[Linux-cluster] Can anyone help tackling issues with custom resource agent for RHCS?

Wed Apr 3 18:07:16 UTC 2013

On 02/24/2013 11:49 AM, Ralph.Grothe at itdz-berlin.de wrote:
> Hallo digimer,
> 
> I already knew this link and have read FAQs and other stuff
> there.
> 
> Unfortunately, many features such as dependencies between cluster
> services, that our customers demand from us to be enabled in
> their clusters (and what they have been accustomed to in their
> former clusters (e.g. Veritas) which are to be migrated from to
> RHCS ones) are hardly anywhere documented.
> 
> But when I posted my query I was mistaken.
> My ifxdb agent isn't dysfunctional. It really works.
> But what it still lacks is that clurgmgrd doesn't log its actions
> despite the fact that I used mentioned ocf_log function (I also
> check in my agent if that function is defined at run time and if
> not I resource the /usr/schare/cluster/ocf-shellfuncs) and
> although it logs every step whenever I run it during disabled
> services through rg_test utility.
> I have no explanation why clurgmgrd is so taciturn when it comes
> to logging output from my ifxdb agent.
> 
> I think that I have enabled logging up to debug level.
> 
> [root at altair:/usr/share/cluster]
> # grep rm /etc/cluster/cluster.conf 
> 	<rm log_facility="local6" log_level="7"
> central_processing="1">
> 	</rm>
> [root at altair:/usr/share/cluster]
> # grep local6 /etc/syslog.conf 
> local6.*
> /var/log/clurgmgrd.log

You can test your agents by running them from command line.

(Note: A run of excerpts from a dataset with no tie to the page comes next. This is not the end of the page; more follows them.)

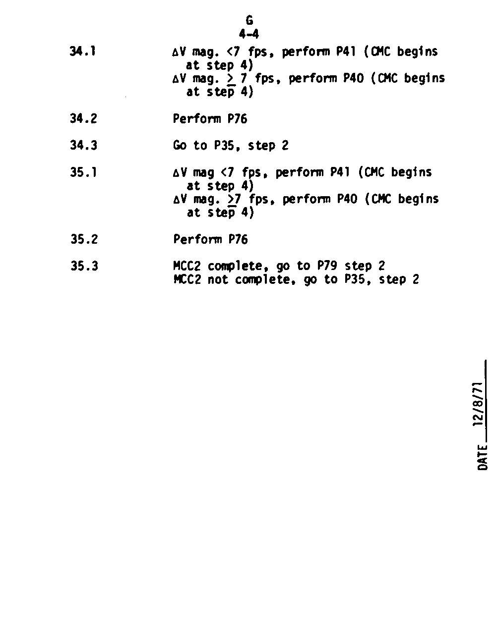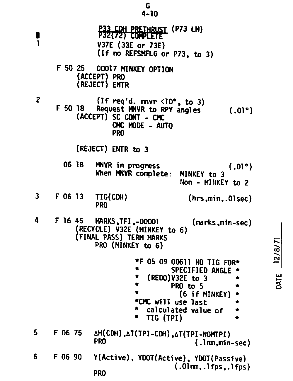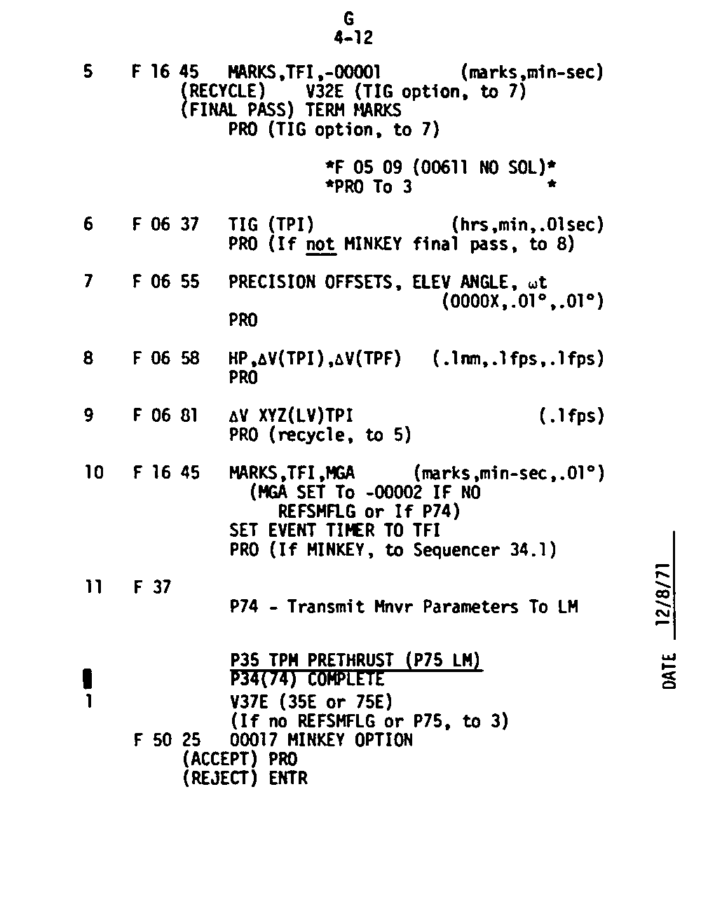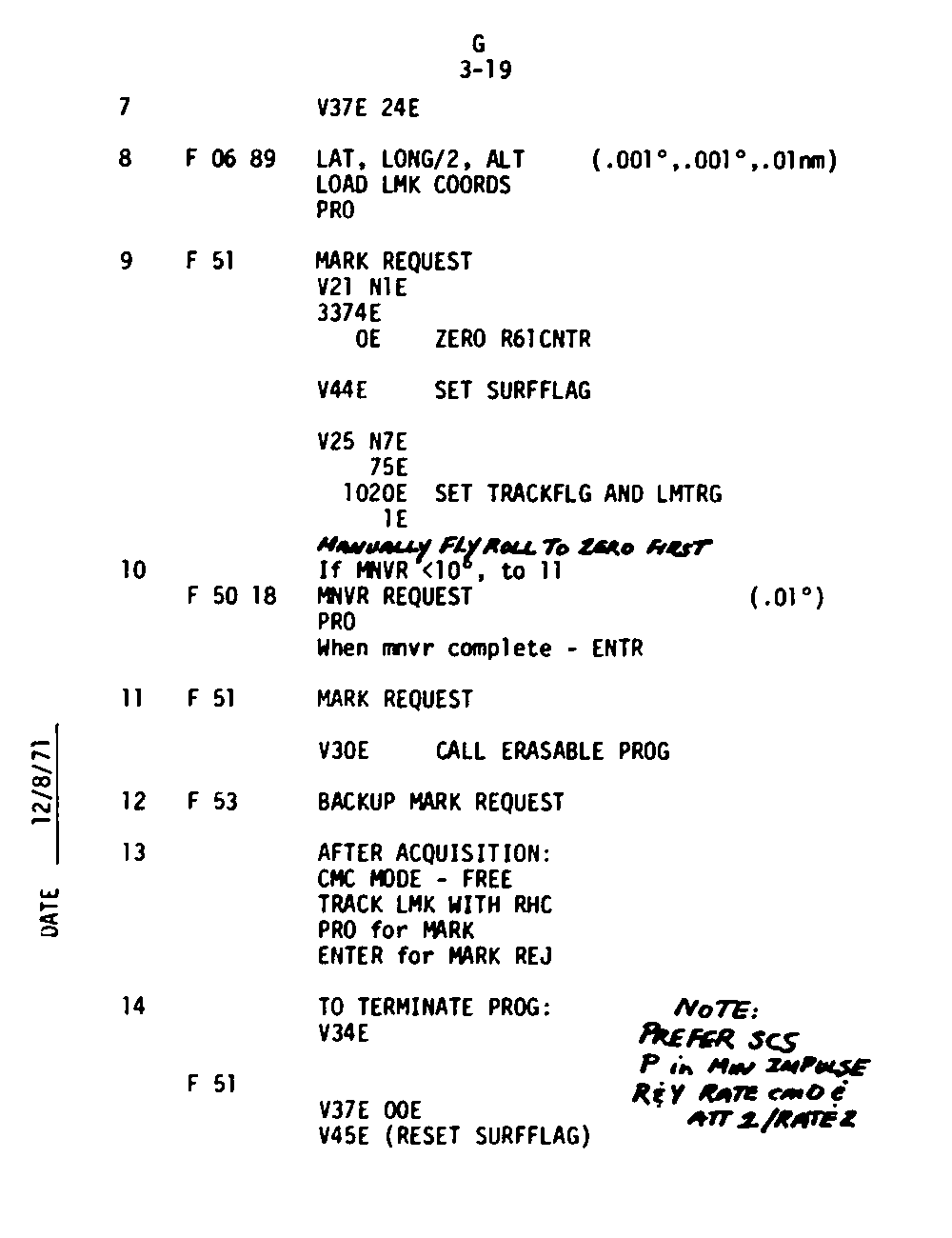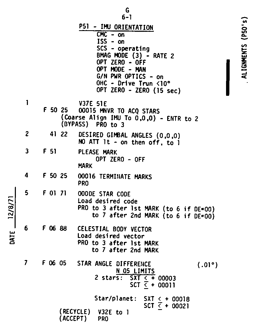 The Guidance and Control (G&C) Checklist provides the crew with a quick reference to the actions needed to operate the Command Module Conputer in its Guidance and Navigation functions. Like similar checklists in aircraft, the Apollo Checklists are intended as memory joggers, and are normally used by one cremember reading out the action, and the other crewmembers carrying out the requisite task.
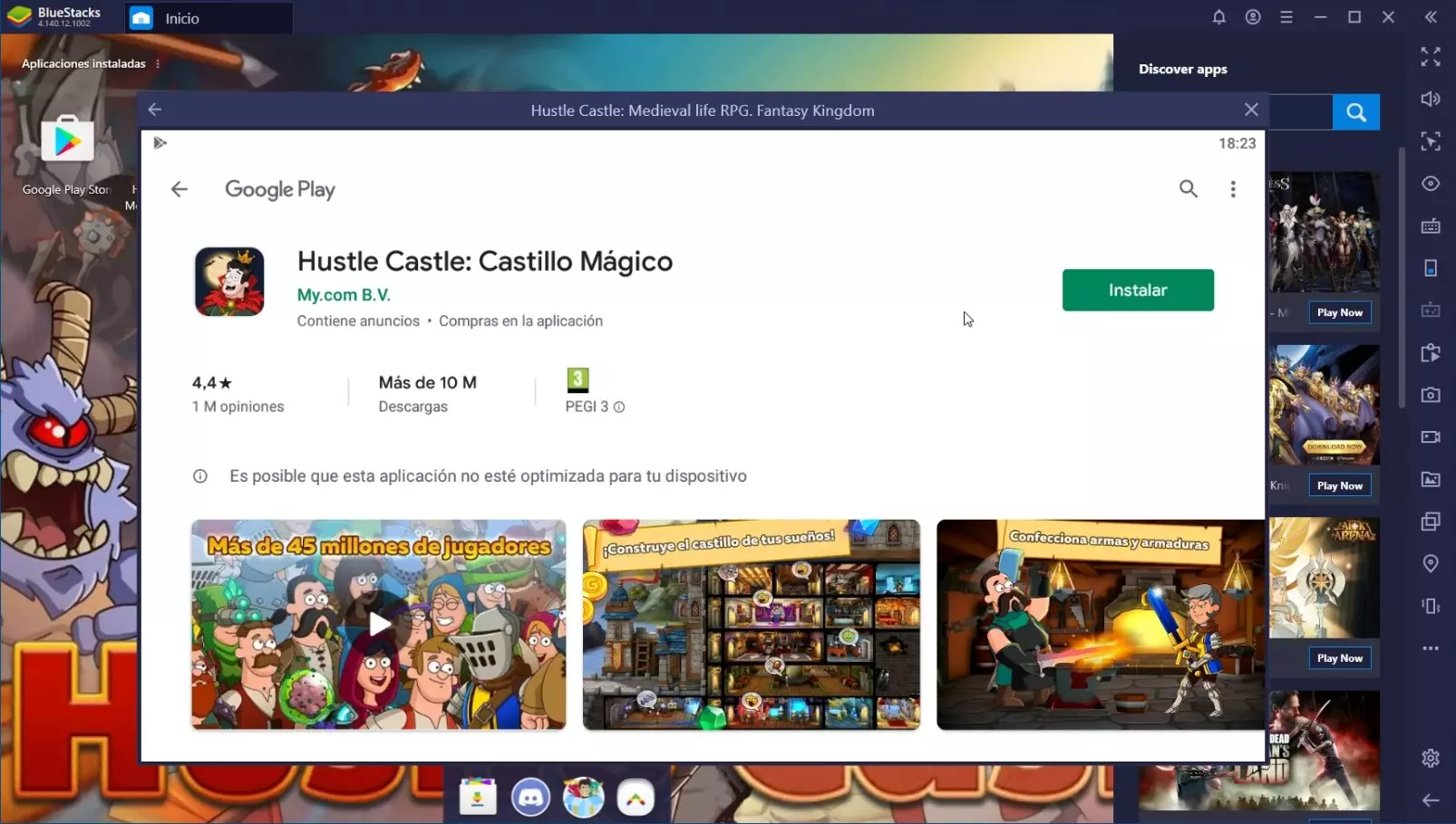 Verás "Hustle Castle Fantasy Kingdom" en el escritorio del emulador, sólo tienes que pulsar para proceder a la instalación. Google Play aparece una vez más, y luego elegimos la opción "Instalar". Ahora el juego se está descargando, y la velocidad depende de tu internet.
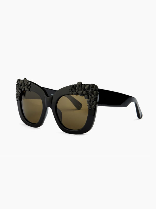 Solaires noires à large monture avec détails fleuris de Linda Farrow X Erdem
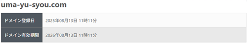 またドメイン名である「uma-yu-syou.com」が取得されたのは「2025年8月13日」となっておりましたので、実際に運営を開始したのはそれ以降ということで間違いなさそうです。
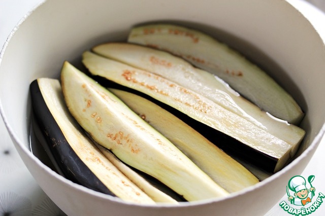 Баклажан вымыть, отрезать кончики, затем разрезать вдоль на 4 части.
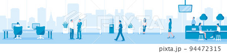 水平橫幅插圖/辦公室/公司景觀和工作人員(無文字)
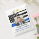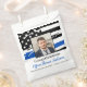 Parabéns! Adicione o toque final à sua aposentadoria ou festa de formatura policial com a graduação policial de linha azul, que favorece bolsas e suprimentos de festas. DESIGN de bandeira americana em cores da Polícia, design moderna. Esta coleção de parabéns de formatura de policial será favorita. Personalizar com fotos, nome e data dos oficiais, e parabéns podem ser mudados para uma feliz aposentadoria para o partido da polícia ou para a festa de formatura da academia de polícia. Veja nossa fina coleção de linhas azuis para fazer correspondência com convites de formatura policial, presentes policiais, favoritos para festas e suprimentos. COPYRIGHT © 2020 Judy Burrows, Black Dog Art - Todos Os Direitos Reservados. Policial Foto Thin Blue Line Graduation Favor Bag
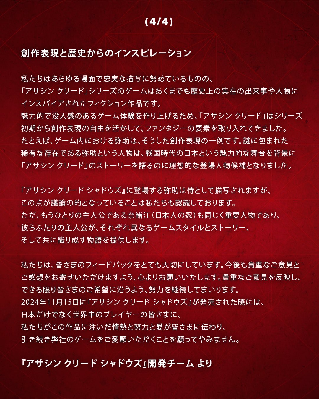 アサクリ問題についてUBIが声明を出した俺的感想中身の無い4コマ漫画読まされた気分※実際謝りつつフィクションやけん黙れと書いてあるくね?これは様々な批判は耳に入ってるが我々の方針はこれなのでよろしく。と方向転換する気はないと釘刺された気分だコメ欄見ると納得しました https://t.co/jcHRNQaevj
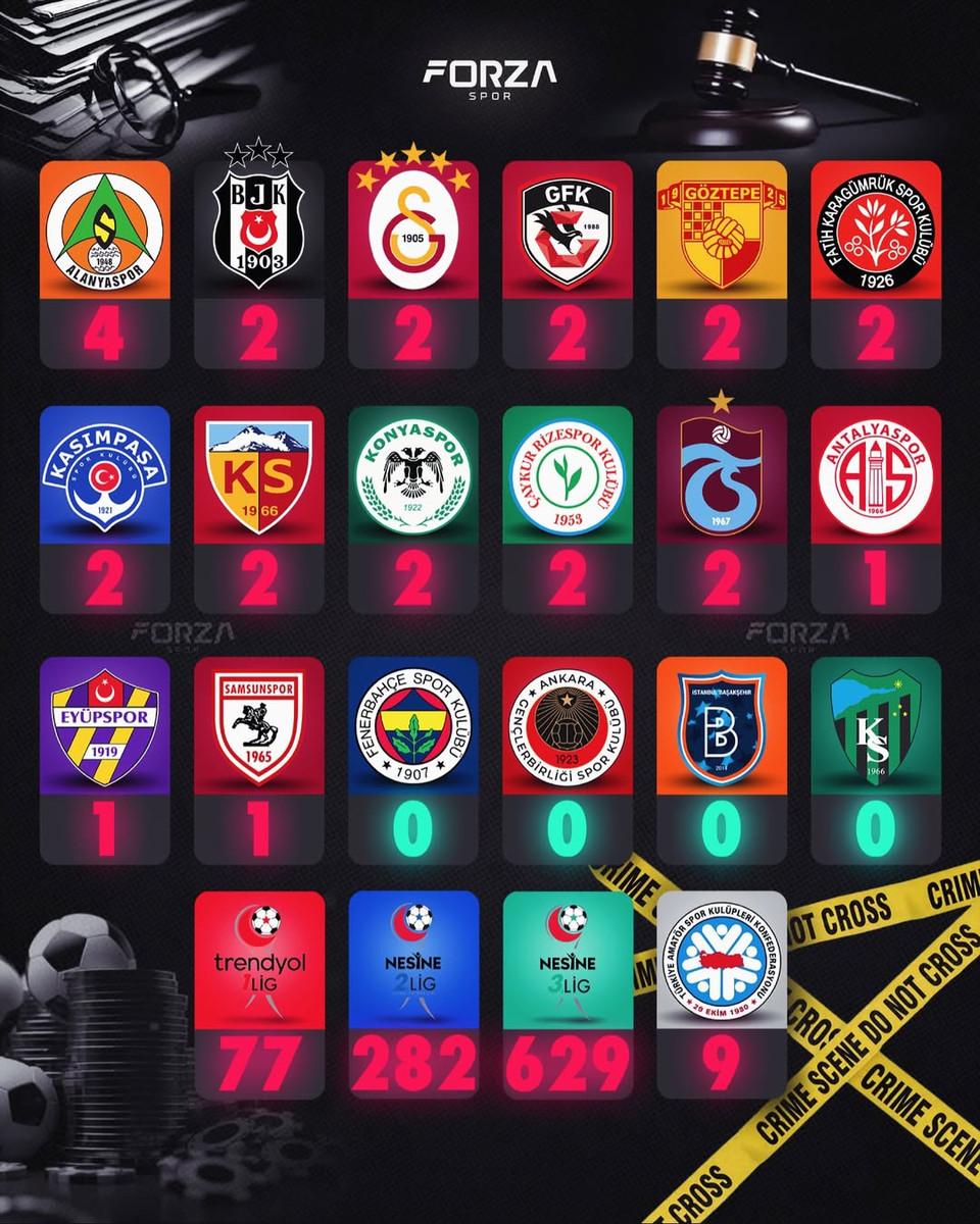 У списку аж 27 гравців турецької Суперліги, зокрема представники грандів – Галатасарая і Бешикташа. Очолив список із найбільшою кількістю відкритих справ серед представників елітного дивізіону Аланьяспор, в якого під підозрою опинилися 4 гравці.
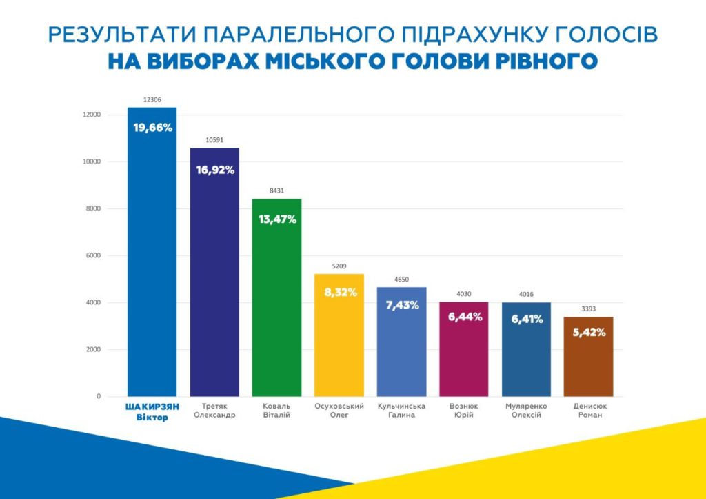 Голова політичної партії “Рівне Разом” набрав найбільшу кількість голосів під час виборів міського голови Рівного та Квасилова. Згідно з результатами паралельного підрахунку, під час виборів міського голови Рівного голоси розподілилися наступним чином:
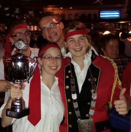 Nach dem Freudentaumel im Festzelt ging es schließlich zurück nach Höngen, wo wir nach altem Brauch gemeinsam vom Ortsschild an der Wohnstätte zur Gaststätte Dreissen zogen. Mit im Gepäck waren Ausbilder Roger, die beiden Pokale und natürlich die Plakette um Reinhards Hals. Bei Miep und Kon wurde der Sieg schließlich noch bis in die Nacht gefeiert. Wir freuen uns nun auf das Schützenfest im Nachbarort Tüddern, bei dem wir die Plakette erstmals tragen dürfen.
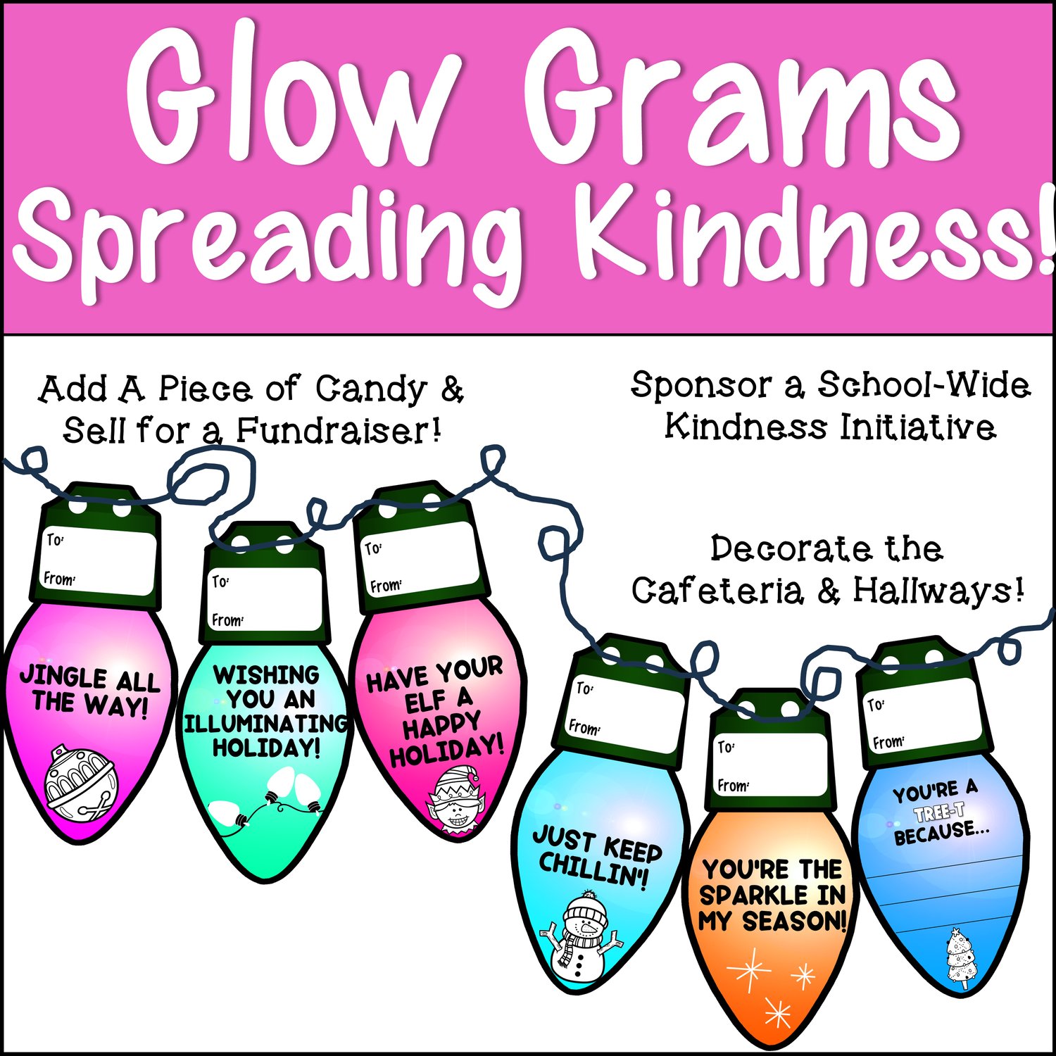 Glow Grams for K-5th: Spread joy and kindness with vibrant Winter and Christmas-themed Glow Grams! With 30 unique designs and blank templates for personalization, these heartwarming messages encourage compassion and camaraderie among students, teachers, and parents.

So, for example, this is one of my resources:

<mdraid config_file="/etc/mdadm-extern.conf" name="extern" ssh_check="1"/>

and this is service that uses it:

<service domain="dom21" name="pg" recovery="restart">
	<ip ref="10.200.213.202">
		<mdraid ref="extern">
			<fs ref="extern"/>
		</mdraid>
	</ip>
</service>

As you can see I have two custom RAs: mdraid and pgsql91.

When I tested 'mdraid' agent, I've changed my service to look like this:

<service domain="dom21" name="pg" recovery="restart">
	<ip ref="10.200.213.202"/>
</service>

After enabling the service, I would test it from the CLI by runnning:

# OCF_RESKEY_config_file="/etc/mdadm-extern.conf" \
OCF_RESKEY_name="extern" \
OCF_RESKEY_ssh_check="1" \
bash /usr/share/cluster/mdraid.sh status

and I get the following output (for example):

<err>    mdraid: Improper setup detected
[mdraid.sh] mdraid: Improper setup detected
<err>    * device "extern" is active on node "database02-xc"
[mdraid.sh] * device "extern" is active on node "database02-xc"

and in /var/log/messages:

Apr  3 20:04:50 database01 rgmanager[28145]: [mdraid.sh] mdraid:
Improper setup detected
Apr  3 20:04:50 database01 rgmanager[28167]: [mdraid.sh] * device
"extern" is active on node "database02-xc"

So, I guess what you should do is try to run your agent and get it to
log to stdout and messages. Maybe you are not using the ocf_log function
properly?

Can you maybe share your agents with us, so somebody can maybe test it
in his environment?

Hope this post helps ;)